Available data Start Marker

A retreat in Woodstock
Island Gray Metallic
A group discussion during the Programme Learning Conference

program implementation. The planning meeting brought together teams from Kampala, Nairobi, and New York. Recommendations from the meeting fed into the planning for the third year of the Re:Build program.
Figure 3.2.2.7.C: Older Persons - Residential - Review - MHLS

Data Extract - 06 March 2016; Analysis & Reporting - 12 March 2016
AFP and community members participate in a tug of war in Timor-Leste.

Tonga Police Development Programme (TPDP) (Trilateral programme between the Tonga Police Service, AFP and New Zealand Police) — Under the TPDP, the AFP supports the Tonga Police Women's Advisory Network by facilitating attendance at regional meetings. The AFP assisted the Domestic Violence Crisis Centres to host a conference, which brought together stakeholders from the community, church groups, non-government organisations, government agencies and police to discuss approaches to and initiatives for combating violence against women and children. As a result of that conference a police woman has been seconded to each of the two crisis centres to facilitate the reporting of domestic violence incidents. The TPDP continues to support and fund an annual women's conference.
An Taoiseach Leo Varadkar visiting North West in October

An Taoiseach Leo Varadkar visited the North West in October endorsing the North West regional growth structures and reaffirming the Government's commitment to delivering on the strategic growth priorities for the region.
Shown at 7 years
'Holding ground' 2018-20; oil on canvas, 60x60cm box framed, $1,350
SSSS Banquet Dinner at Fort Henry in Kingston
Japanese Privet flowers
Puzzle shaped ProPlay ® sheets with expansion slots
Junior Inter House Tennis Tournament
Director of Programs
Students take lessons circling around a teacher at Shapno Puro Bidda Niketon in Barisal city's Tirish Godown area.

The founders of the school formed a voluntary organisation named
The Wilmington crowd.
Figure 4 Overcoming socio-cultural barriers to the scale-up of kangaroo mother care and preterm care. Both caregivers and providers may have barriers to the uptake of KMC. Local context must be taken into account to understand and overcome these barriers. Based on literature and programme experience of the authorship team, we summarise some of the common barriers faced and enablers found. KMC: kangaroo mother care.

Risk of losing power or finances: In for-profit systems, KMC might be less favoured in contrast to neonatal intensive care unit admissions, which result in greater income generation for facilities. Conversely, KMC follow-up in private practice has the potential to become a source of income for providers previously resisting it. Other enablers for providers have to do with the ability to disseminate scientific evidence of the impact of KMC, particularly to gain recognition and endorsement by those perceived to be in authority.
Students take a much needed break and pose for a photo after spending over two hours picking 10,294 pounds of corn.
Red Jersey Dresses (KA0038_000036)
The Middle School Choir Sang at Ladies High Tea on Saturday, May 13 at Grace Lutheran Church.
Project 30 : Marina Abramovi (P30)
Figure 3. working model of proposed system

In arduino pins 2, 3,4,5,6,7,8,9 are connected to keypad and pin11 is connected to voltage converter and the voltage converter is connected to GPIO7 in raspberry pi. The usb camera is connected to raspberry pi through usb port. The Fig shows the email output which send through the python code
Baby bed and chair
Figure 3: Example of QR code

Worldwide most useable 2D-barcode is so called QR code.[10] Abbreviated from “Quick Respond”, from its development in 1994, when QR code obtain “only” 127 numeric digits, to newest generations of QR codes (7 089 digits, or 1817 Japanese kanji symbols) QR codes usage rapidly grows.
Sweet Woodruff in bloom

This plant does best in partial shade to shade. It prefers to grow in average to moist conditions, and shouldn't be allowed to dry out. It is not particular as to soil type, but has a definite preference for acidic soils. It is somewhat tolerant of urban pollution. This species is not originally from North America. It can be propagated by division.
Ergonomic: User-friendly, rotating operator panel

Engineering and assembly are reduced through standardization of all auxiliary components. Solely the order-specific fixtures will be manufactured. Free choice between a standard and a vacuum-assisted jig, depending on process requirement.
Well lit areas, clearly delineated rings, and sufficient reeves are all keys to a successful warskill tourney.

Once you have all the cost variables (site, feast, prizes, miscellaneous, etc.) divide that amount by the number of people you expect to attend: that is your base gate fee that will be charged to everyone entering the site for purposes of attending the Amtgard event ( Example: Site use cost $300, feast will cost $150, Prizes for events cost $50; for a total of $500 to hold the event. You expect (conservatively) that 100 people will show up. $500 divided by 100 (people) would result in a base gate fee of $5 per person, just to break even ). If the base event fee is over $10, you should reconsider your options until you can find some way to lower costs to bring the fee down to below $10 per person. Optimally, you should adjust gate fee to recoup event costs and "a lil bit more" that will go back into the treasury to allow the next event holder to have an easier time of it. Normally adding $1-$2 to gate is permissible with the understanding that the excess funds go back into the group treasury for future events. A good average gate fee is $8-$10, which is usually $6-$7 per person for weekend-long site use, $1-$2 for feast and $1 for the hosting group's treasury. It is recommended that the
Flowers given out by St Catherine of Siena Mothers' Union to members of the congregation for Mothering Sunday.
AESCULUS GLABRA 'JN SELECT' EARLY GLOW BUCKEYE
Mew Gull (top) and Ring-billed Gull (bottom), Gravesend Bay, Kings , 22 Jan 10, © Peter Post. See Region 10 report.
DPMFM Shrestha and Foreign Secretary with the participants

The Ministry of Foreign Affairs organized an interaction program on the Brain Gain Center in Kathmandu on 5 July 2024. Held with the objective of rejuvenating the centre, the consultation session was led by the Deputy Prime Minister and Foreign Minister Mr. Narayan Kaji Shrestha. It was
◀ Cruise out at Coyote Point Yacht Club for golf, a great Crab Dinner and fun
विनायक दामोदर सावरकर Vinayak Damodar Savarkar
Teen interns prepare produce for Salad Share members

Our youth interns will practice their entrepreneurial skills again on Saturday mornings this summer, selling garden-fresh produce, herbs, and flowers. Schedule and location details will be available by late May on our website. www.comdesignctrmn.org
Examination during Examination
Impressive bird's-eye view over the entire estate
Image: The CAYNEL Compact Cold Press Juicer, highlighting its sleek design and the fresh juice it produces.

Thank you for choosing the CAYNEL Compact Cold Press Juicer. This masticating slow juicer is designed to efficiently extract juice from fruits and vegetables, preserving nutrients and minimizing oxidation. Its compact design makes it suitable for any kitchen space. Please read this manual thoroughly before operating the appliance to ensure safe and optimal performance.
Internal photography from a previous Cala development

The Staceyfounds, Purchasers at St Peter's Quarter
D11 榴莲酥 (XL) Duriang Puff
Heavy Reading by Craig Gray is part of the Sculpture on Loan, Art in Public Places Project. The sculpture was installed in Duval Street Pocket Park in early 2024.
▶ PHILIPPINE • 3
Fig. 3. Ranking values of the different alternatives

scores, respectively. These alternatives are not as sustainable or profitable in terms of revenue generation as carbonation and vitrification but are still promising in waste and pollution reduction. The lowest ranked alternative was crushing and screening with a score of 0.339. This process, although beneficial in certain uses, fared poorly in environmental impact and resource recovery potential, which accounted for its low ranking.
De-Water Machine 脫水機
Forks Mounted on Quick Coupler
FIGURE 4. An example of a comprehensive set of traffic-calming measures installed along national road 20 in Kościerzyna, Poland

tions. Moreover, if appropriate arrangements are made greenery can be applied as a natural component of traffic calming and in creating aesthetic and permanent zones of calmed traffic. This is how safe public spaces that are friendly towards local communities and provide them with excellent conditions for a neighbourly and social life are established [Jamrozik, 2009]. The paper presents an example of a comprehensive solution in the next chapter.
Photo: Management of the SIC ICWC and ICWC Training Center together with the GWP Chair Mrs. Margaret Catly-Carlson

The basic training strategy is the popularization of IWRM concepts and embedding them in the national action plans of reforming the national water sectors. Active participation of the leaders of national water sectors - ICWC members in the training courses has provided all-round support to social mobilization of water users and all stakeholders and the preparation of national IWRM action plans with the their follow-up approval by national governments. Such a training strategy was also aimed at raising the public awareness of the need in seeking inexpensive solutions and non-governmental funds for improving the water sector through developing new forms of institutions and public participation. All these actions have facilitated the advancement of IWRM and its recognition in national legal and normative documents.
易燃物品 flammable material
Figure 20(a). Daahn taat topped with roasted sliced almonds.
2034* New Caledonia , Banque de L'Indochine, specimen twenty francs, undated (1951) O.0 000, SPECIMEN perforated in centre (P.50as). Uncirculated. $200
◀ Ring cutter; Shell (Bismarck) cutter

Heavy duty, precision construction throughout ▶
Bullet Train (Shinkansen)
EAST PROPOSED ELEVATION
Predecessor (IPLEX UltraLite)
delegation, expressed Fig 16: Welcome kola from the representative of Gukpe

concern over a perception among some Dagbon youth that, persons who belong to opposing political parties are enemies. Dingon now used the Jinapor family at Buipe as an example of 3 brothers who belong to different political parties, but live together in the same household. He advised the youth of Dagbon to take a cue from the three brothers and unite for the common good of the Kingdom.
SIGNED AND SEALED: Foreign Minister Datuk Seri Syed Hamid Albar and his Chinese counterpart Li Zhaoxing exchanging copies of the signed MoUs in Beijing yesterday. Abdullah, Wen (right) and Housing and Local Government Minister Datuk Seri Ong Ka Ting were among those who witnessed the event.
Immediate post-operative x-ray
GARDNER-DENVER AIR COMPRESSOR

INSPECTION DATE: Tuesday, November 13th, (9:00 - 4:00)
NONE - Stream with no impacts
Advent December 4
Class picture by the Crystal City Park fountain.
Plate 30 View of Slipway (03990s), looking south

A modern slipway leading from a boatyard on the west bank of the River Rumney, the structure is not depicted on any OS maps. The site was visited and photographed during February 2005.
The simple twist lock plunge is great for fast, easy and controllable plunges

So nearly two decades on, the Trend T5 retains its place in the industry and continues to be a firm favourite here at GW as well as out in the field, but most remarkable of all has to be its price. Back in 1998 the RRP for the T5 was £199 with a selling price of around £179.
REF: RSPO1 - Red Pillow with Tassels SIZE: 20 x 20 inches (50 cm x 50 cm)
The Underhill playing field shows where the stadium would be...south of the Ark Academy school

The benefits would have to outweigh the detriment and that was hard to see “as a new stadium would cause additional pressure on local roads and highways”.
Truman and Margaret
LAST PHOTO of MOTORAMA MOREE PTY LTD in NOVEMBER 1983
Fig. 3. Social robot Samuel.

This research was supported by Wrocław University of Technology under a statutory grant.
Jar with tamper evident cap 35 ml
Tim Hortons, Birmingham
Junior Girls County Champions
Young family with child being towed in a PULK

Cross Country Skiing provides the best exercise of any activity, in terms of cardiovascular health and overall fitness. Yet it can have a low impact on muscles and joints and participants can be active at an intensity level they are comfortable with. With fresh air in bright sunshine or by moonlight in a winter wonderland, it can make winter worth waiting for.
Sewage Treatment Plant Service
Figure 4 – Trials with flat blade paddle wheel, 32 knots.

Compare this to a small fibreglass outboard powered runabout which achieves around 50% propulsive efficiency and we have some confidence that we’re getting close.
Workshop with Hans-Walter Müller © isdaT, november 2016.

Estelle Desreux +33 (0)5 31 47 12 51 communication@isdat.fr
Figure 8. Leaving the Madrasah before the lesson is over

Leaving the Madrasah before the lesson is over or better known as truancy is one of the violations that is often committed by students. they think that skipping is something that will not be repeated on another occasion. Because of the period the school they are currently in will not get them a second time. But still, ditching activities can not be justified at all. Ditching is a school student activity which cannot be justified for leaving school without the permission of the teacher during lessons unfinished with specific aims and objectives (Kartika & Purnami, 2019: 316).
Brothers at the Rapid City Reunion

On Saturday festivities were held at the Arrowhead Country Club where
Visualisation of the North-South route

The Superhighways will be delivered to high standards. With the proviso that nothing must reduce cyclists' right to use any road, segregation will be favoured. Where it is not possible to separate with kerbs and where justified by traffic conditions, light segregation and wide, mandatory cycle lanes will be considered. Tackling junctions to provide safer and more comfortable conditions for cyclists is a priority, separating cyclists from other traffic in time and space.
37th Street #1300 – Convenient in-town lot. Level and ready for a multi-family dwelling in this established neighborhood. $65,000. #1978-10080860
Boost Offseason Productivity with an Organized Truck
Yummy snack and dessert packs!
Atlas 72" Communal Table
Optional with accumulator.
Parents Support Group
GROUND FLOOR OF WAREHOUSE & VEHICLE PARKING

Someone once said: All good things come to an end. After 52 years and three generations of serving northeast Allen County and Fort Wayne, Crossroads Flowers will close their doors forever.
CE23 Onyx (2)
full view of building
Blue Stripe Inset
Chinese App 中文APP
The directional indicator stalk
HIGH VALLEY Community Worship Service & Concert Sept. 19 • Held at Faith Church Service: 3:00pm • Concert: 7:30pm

Available data End Marker

- Assignment
Copy out the lines starting at the one containing "The directional indicator stalk" and ending with the last line of the entries. Include nothing else.

- Your solution
The directional indicator stalk
HIGH VALLEY Community Worship Service & Concert Sept. 19 • Held at Faith Church Service: 3:00pm • Concert: 7:30pm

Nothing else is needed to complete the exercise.